**WHAT THE EXERCISE ASKS:** The answer must consist only of the lines in the records below from the line with "U nas był mały" to the line with "When considering a", both included, copied word for word with every picture left out.

**DATA TO EXAMINE:**
*****

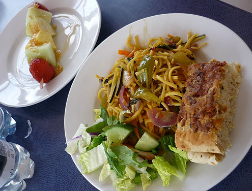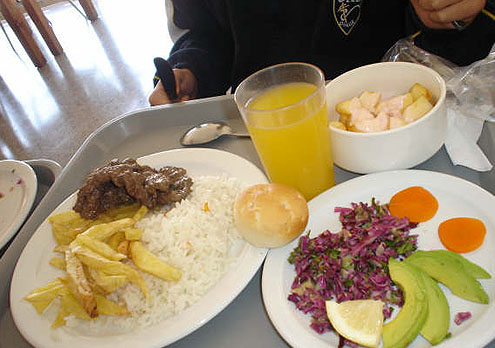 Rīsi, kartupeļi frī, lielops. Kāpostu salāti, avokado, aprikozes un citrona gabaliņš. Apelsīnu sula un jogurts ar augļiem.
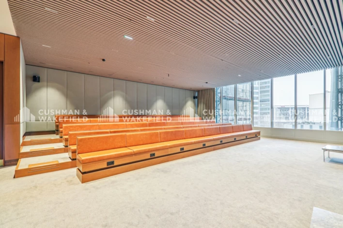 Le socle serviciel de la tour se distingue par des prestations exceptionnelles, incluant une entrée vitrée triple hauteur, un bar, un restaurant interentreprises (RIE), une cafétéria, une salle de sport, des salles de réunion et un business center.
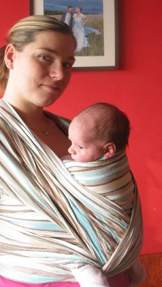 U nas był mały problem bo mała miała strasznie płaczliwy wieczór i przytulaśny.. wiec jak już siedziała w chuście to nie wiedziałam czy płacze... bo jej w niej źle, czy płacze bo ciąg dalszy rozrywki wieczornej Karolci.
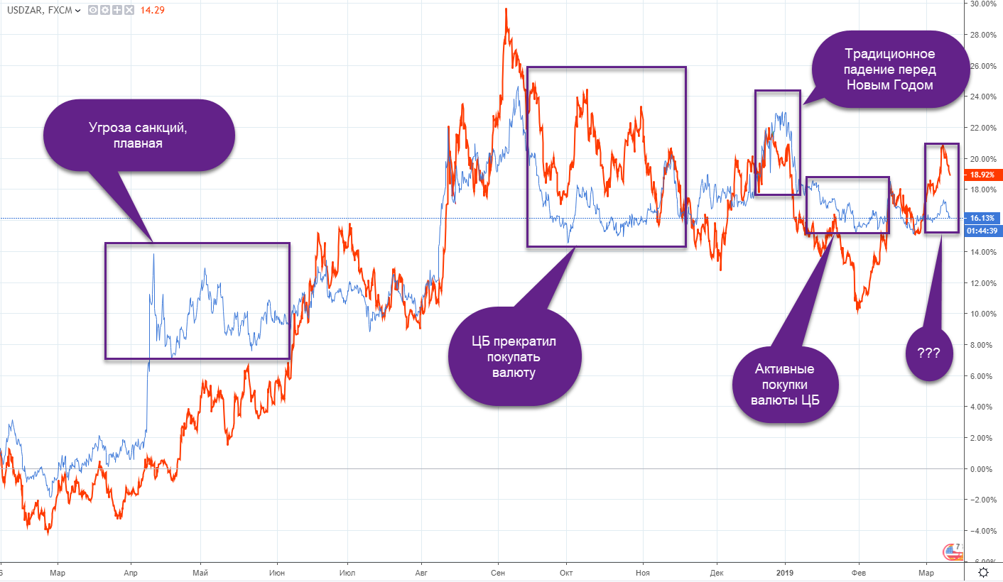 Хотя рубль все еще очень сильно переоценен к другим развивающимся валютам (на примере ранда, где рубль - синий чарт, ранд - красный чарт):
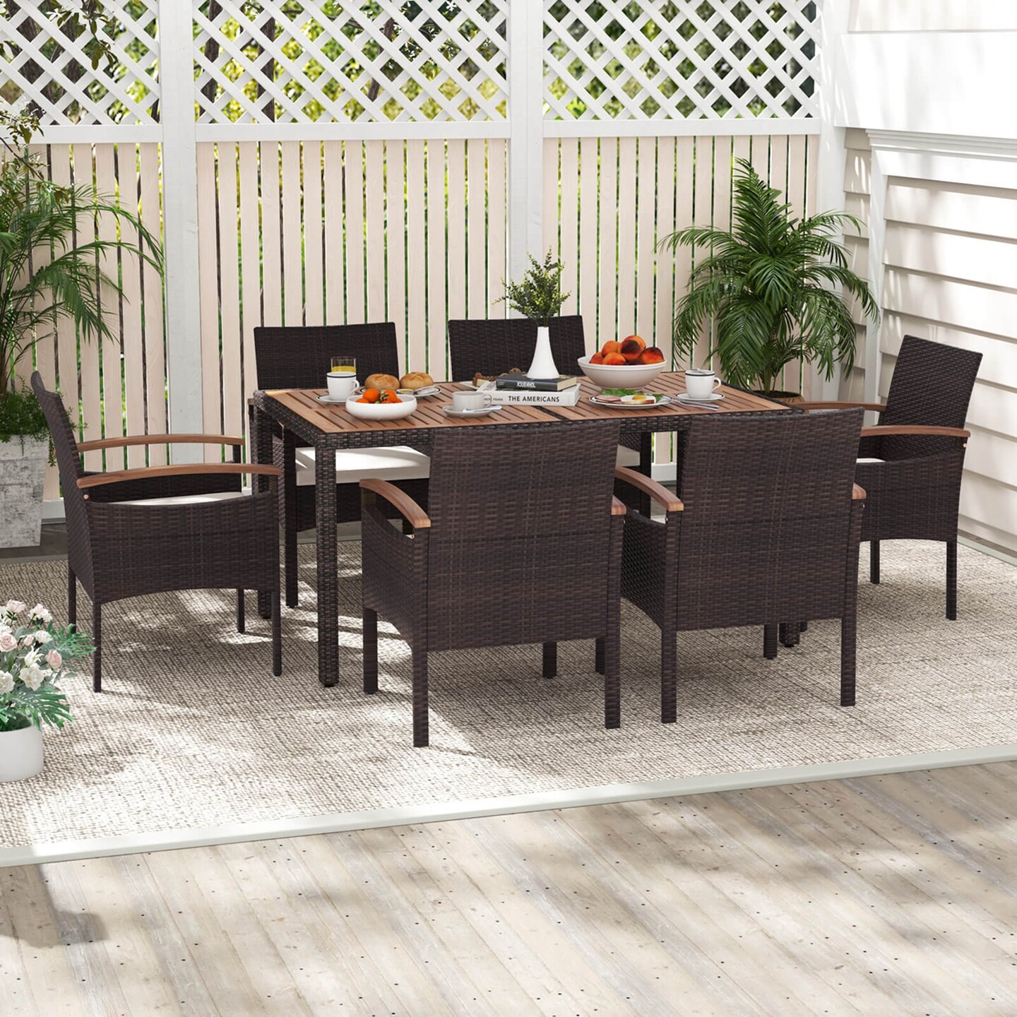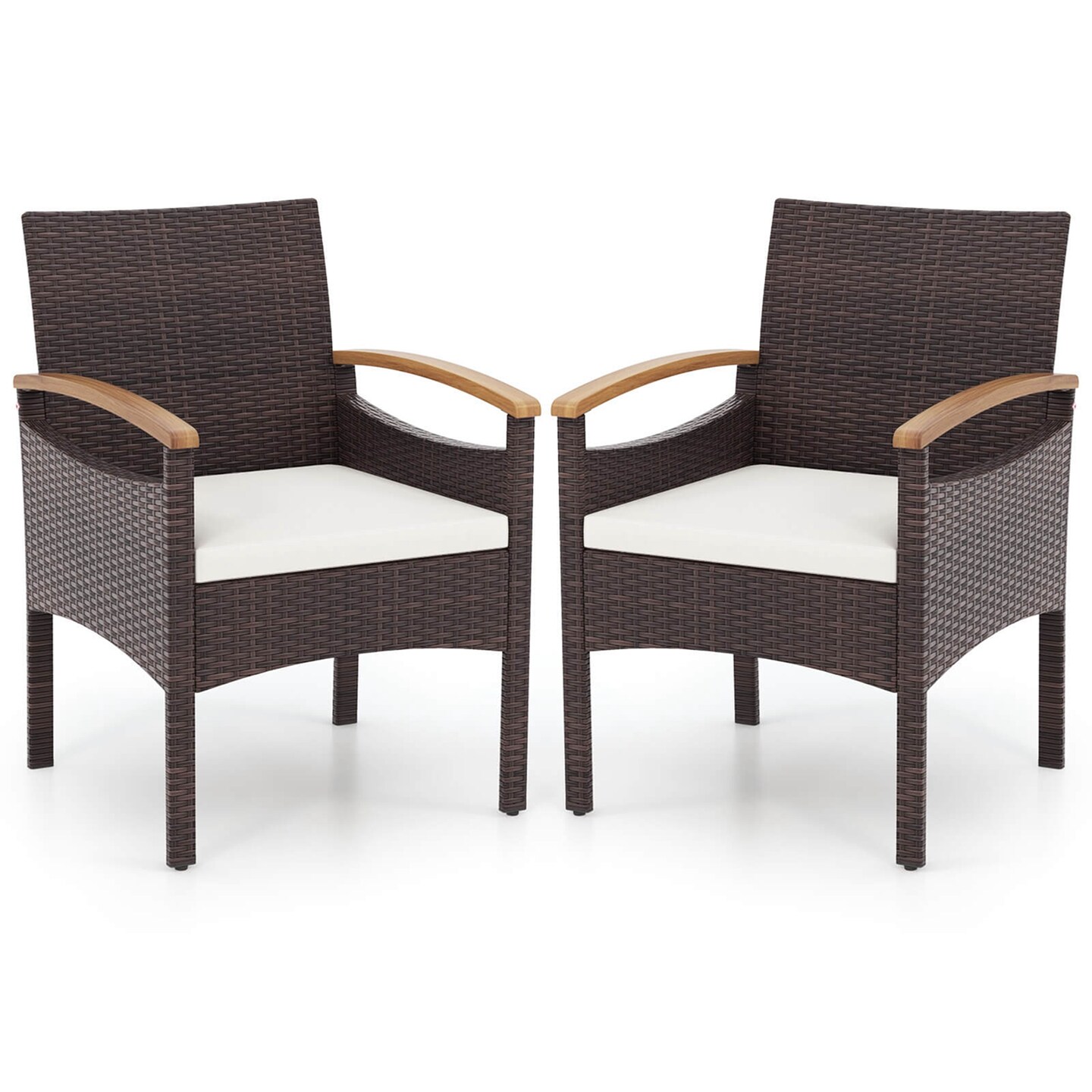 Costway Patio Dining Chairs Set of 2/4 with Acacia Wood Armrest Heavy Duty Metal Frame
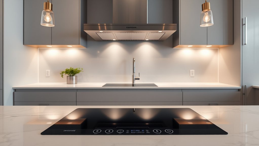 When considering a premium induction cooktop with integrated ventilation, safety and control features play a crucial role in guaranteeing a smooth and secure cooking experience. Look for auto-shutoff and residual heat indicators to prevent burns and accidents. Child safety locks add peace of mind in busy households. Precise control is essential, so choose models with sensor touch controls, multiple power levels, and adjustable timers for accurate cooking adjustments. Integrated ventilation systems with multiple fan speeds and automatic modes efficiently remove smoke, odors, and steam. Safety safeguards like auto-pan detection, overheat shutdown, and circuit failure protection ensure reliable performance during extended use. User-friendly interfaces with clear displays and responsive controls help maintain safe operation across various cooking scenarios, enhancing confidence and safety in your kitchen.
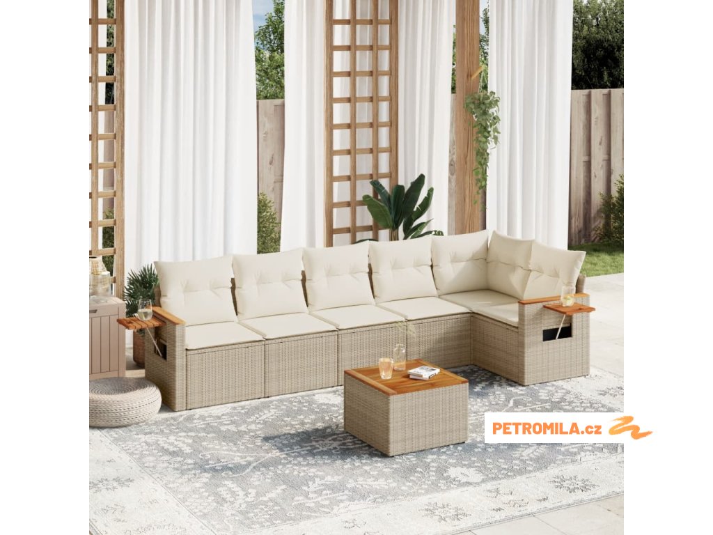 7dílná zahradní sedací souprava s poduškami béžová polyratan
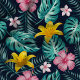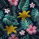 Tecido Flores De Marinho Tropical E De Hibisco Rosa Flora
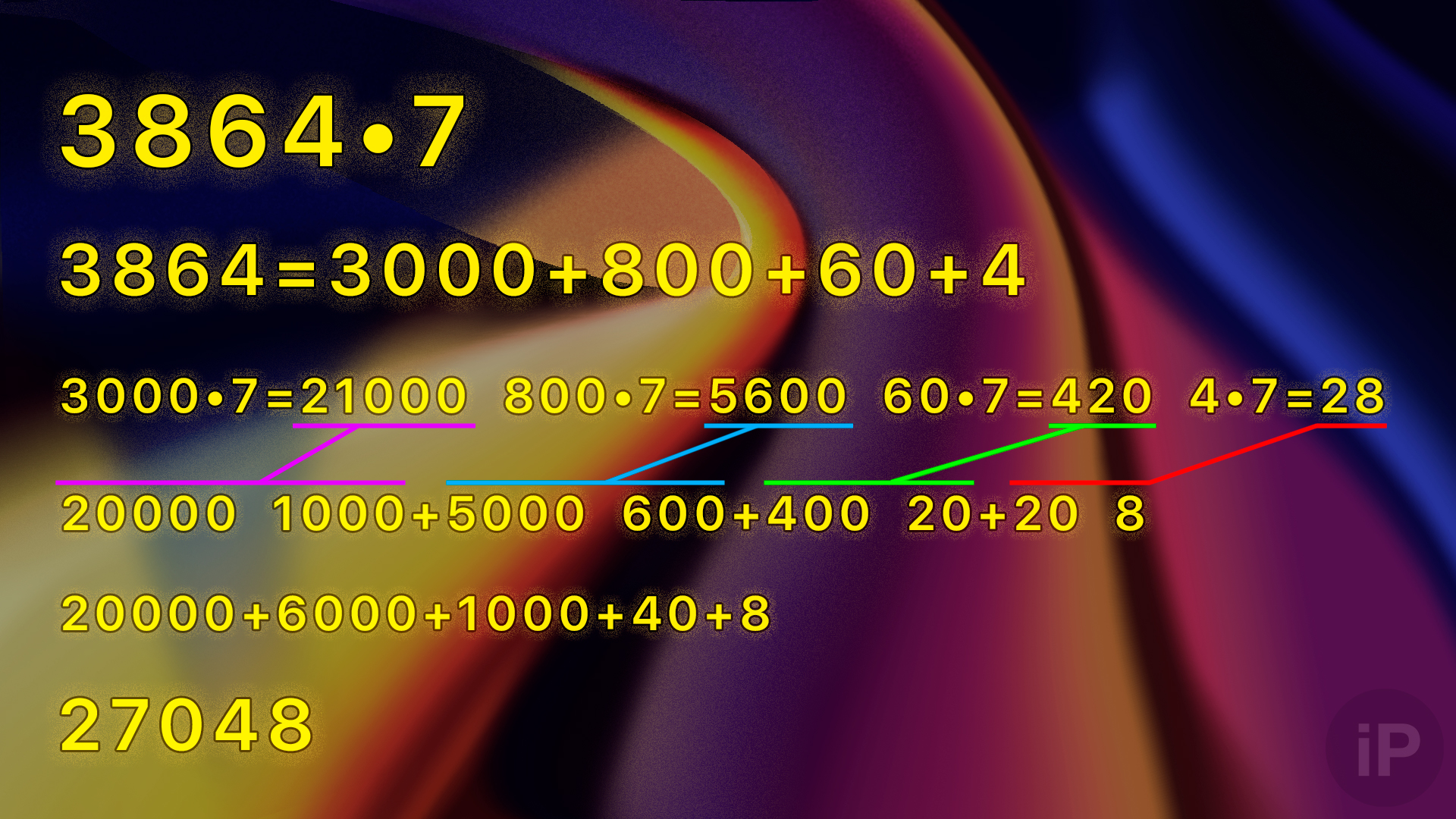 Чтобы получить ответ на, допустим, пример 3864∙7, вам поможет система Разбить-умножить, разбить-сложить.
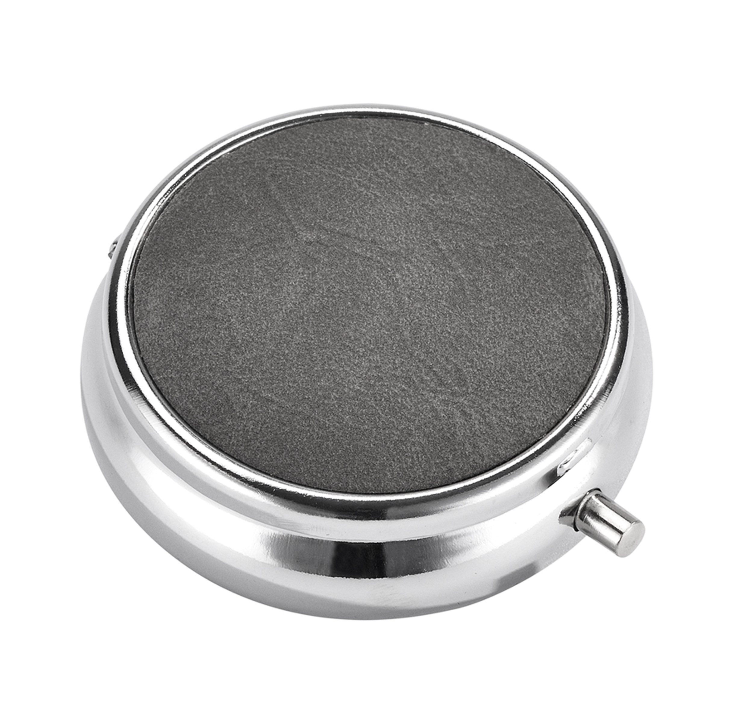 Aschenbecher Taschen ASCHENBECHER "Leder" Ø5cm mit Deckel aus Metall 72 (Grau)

*****

**EXPECTED ANSWER:**
 U nas był mały problem bo mała miała strasznie płaczliwy wieczór i przytulaśny.. wiec jak już siedziała w chuście to nie wiedziałam czy płacze... bo jej w niej źle, czy płacze bo ciąg dalszy rozrywki wieczornej Karolci.
 Хотя рубль все еще очень сильно переоценен к другим развивающимся валютам (на примере ранда, где рубль - синий чарт, ранд - красный чарт):
 Costway Patio Dining Chairs Set of 2/4 with Acacia Wood Armrest Heavy Duty Metal Frame
 When considering a premium induction cooktop with integrated ventilation, safety and control features play a crucial role in guaranteeing a smooth and secure cooking experience. Look for auto-shutoff and residual heat indicators to prevent burns and accidents. Child safety locks add peace of mind in busy households. Precise control is essential, so choose models with sensor touch controls, multiple power levels, and adjustable timers for accurate cooking adjustments. Integrated ventilation systems with multiple fan speeds and automatic modes efficiently remove smoke, odors, and steam. Safety safeguards like auto-pan detection, overheat shutdown, and circuit failure protection ensure reliable performance during extended use. User-friendly interfaces with clear displays and responsive controls help maintain safe operation across various cooking scenarios, enhancing confidence and safety in your kitchen.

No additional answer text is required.